The oceans are being desimated. Coral reefs are dying species again are vanishing. Salmon, Sharks, even krill ( not because of whales over eating either).

But as the thinning diversity of fauna parrallel the untouched quiet spaces of the wildernesss on land sea and in the air, so goes the available drinking water and arriable lands for the flora to grow freely that provide for the wild living fauna of the mother earth.

Humans segregating masses of land by the increasing the web of highways on land, as well as shipping lanes with increasing traffic and air ways criss-crossing the sky. No space is let alone. 100's of thousand of animals die every year due to vehicular traffic of all types.
But as long as the sick self serving religious nimrods hold on to the idea that the dominion of the planet is OURS to use (up), and "Be fruitful and multiply", then the reason humanity is even here on this planet is lost, along with a reason to even live.

God will not save us from our stupidity.

When each of us takes to heart the value of Being a Humanbeing and find satisfaction without the need of superfulous "stuff" ,
instead of Being a Human Doing that has to constantly be entertained, constantly grasping to fulfill the sick notion that they are entitled to grandigose materialistic surroundings, then the the jewel of Eden will spiraling down into a hellacious existance, if at all.

Procreation by an unconscious society proves humanity is NOT a high living form.
Living a higher consciousness is living responsibly every moment,
Not living so is nothing more than being a Re-Active organism.

Over population IS a reality.
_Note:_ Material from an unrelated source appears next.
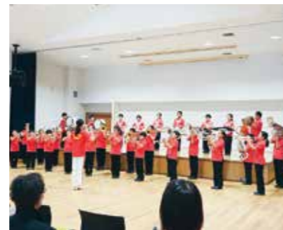
長島小学校の児童によるマーチング
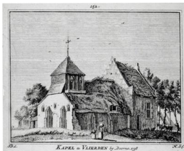
6. Hendrik Spilman, Kapel van Vlierden , 1738

But more so humanity is still over procreating.

With a social economy system based on growth (of the volume of production and use of meaningless stuff and over building the need v.s. the necessity) there is no hope.
Excessive use of the planets resources and our inability to meet the demand for materialistic crap only escalates the greed and selfish "entitlement factor".
Bigger, brighter, bolder, "newer", the latest, the best, the most popular.....Vanity is the devils best (poker) hand.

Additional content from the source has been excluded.